Provided information:

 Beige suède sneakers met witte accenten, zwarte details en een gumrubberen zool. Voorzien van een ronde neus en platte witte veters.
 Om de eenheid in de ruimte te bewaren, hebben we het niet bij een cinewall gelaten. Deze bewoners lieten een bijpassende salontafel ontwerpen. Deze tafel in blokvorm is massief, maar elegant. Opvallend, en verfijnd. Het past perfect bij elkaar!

* * *

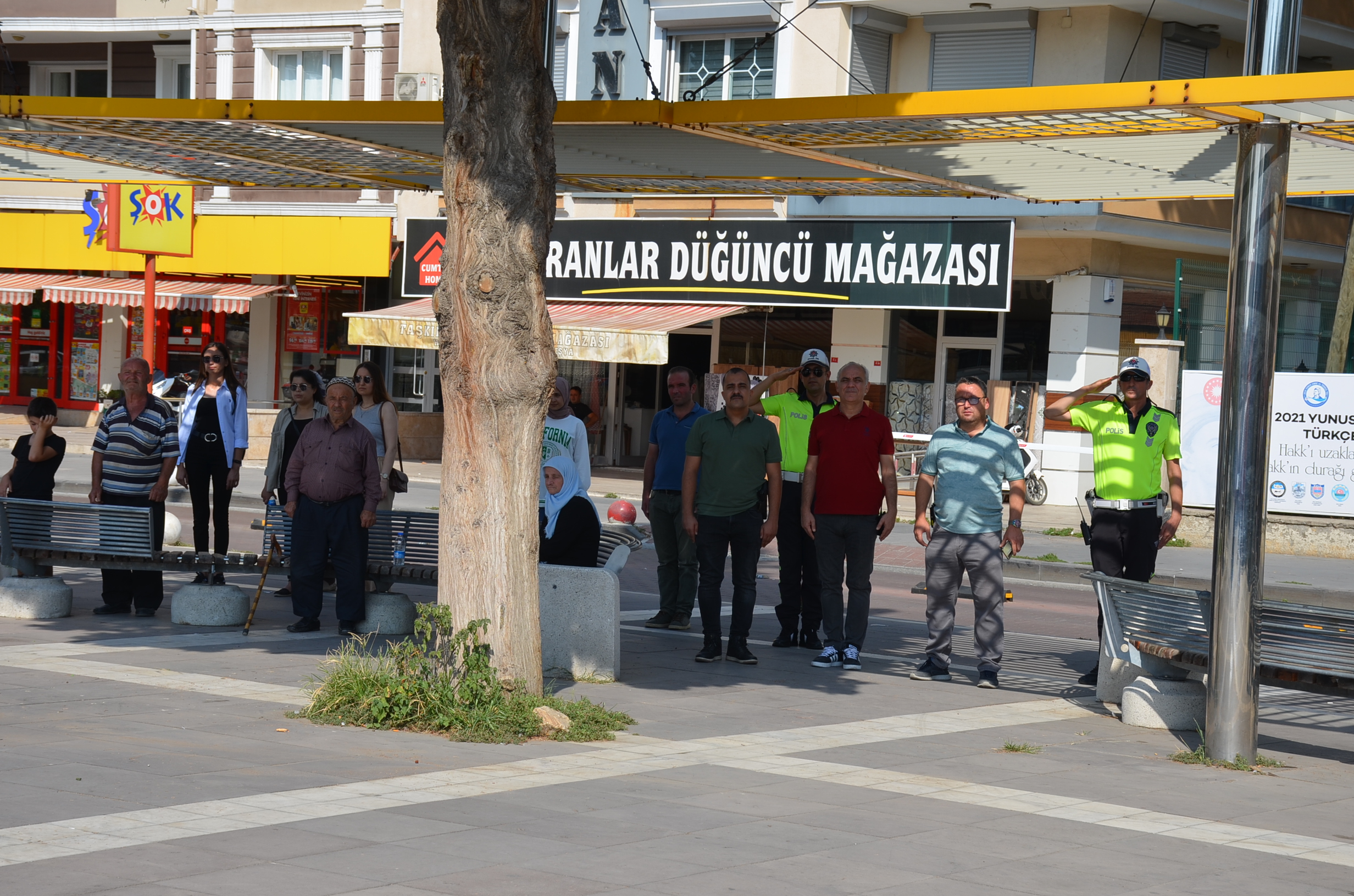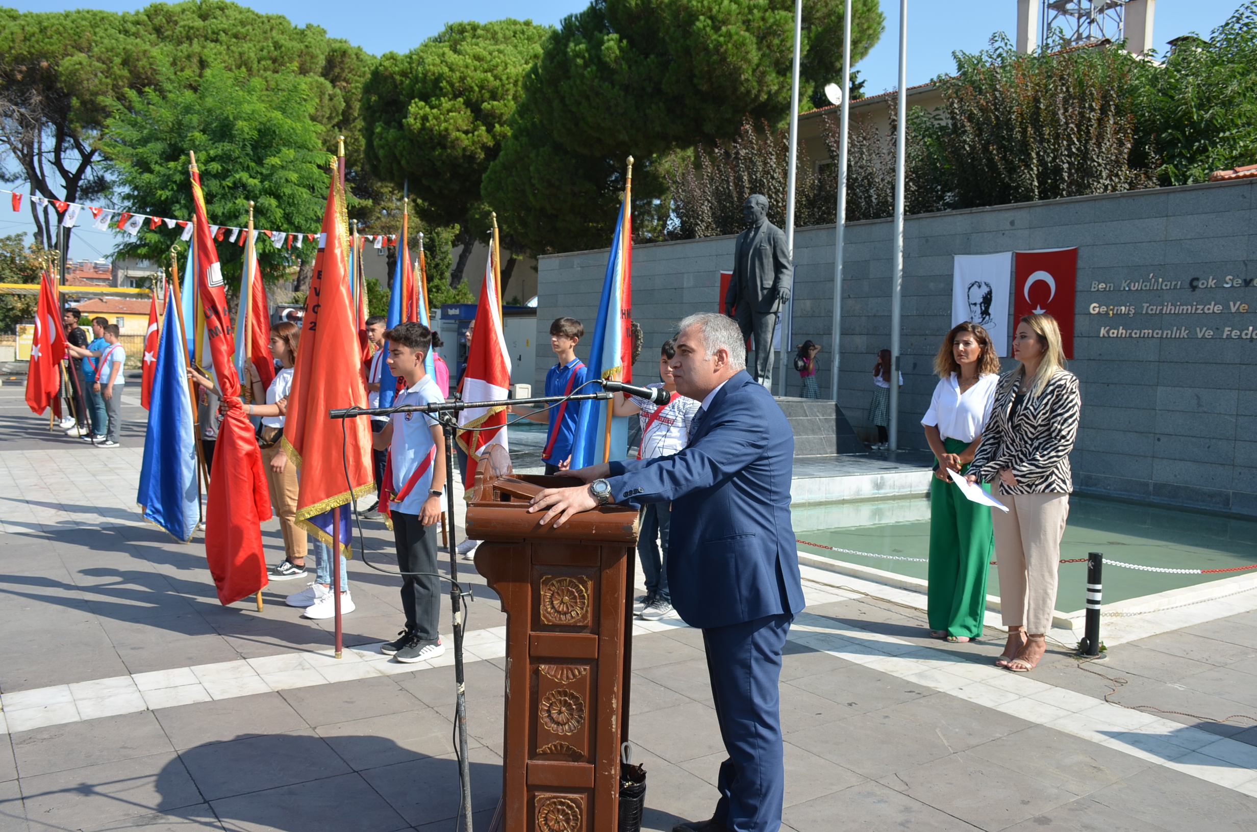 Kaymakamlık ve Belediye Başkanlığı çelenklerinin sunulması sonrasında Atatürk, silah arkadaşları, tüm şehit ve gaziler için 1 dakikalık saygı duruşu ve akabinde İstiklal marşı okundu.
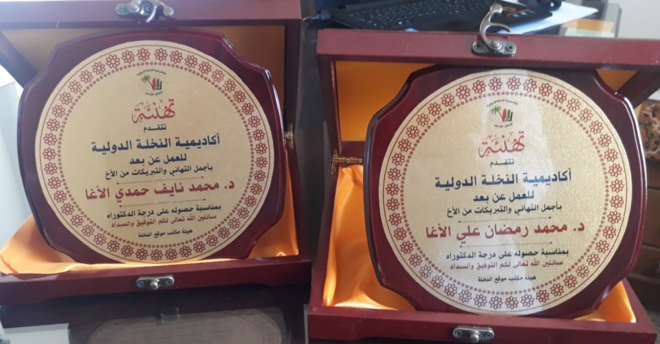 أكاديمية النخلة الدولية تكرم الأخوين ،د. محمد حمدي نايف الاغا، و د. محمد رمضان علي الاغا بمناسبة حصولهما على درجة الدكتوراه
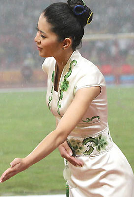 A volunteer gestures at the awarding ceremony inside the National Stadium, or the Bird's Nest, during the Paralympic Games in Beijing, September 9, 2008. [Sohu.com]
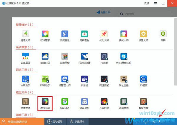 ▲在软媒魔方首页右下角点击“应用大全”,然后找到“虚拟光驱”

==

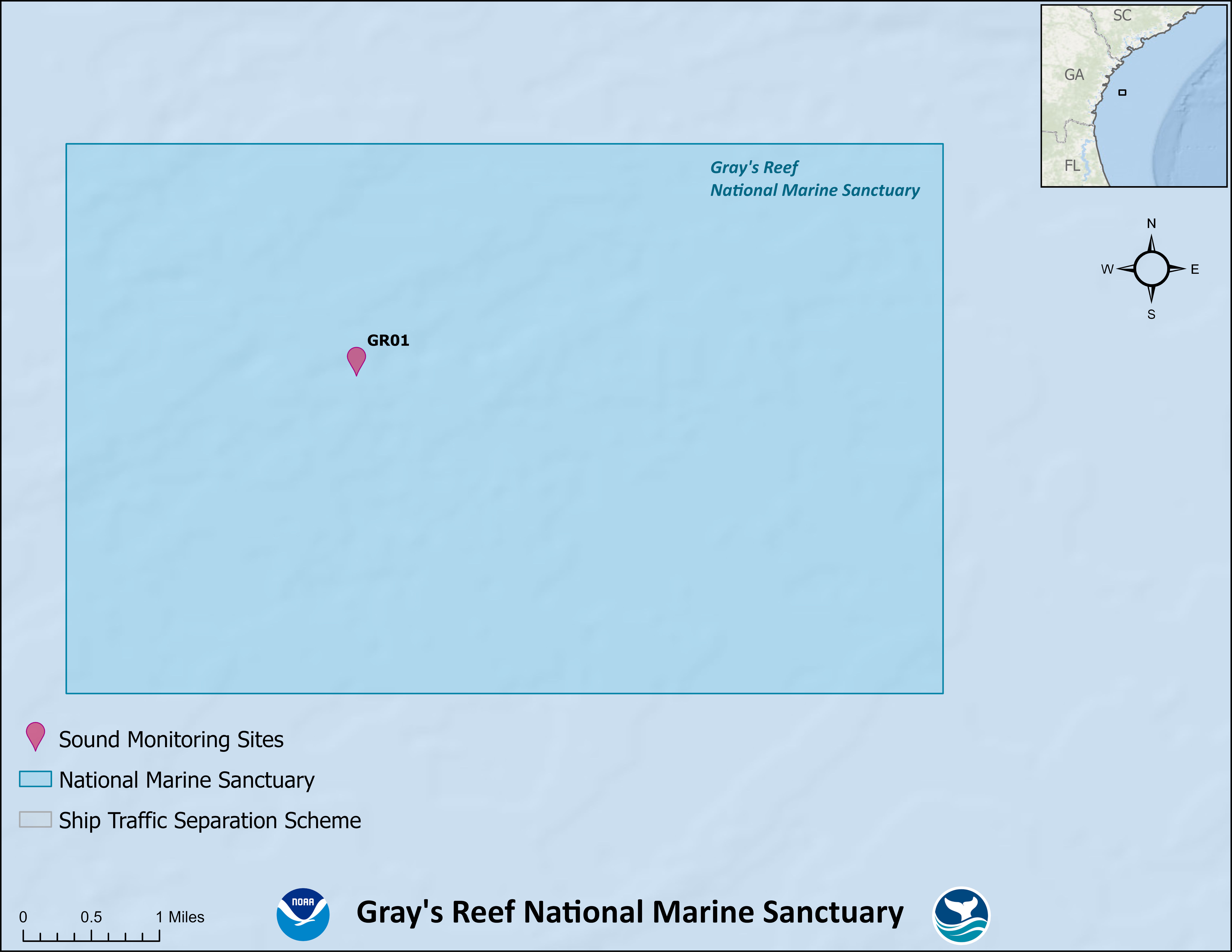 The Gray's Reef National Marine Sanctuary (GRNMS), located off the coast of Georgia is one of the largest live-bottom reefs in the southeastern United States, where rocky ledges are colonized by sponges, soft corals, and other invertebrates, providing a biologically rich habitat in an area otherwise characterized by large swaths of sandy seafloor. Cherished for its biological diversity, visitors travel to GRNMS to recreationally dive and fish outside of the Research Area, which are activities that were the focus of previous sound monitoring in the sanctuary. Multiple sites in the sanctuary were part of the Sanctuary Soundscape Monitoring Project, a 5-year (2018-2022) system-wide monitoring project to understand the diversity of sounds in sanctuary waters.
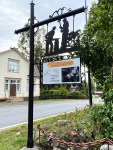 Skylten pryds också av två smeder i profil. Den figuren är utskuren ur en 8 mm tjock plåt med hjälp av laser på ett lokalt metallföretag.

Assigned task:
All that is wanted is an exact copy of the lines above from the one with "Beige suède sneakers" through the one with "Om de eenheid", with both ends included.

Exercise response:
 Beige suède sneakers met witte accenten, zwarte details en een gumrubberen zool. Voorzien van een ronde neus en platte witte veters.
 Om de eenheid in de ruimte te bewaren, hebben we het niet bij een cinewall gelaten. Deze bewoners lieten een bijpassende salontafel ontwerpen. Deze tafel in blokvorm is massief, maar elegant. Opvallend, en verfijnd. Het past perfect bij elkaar!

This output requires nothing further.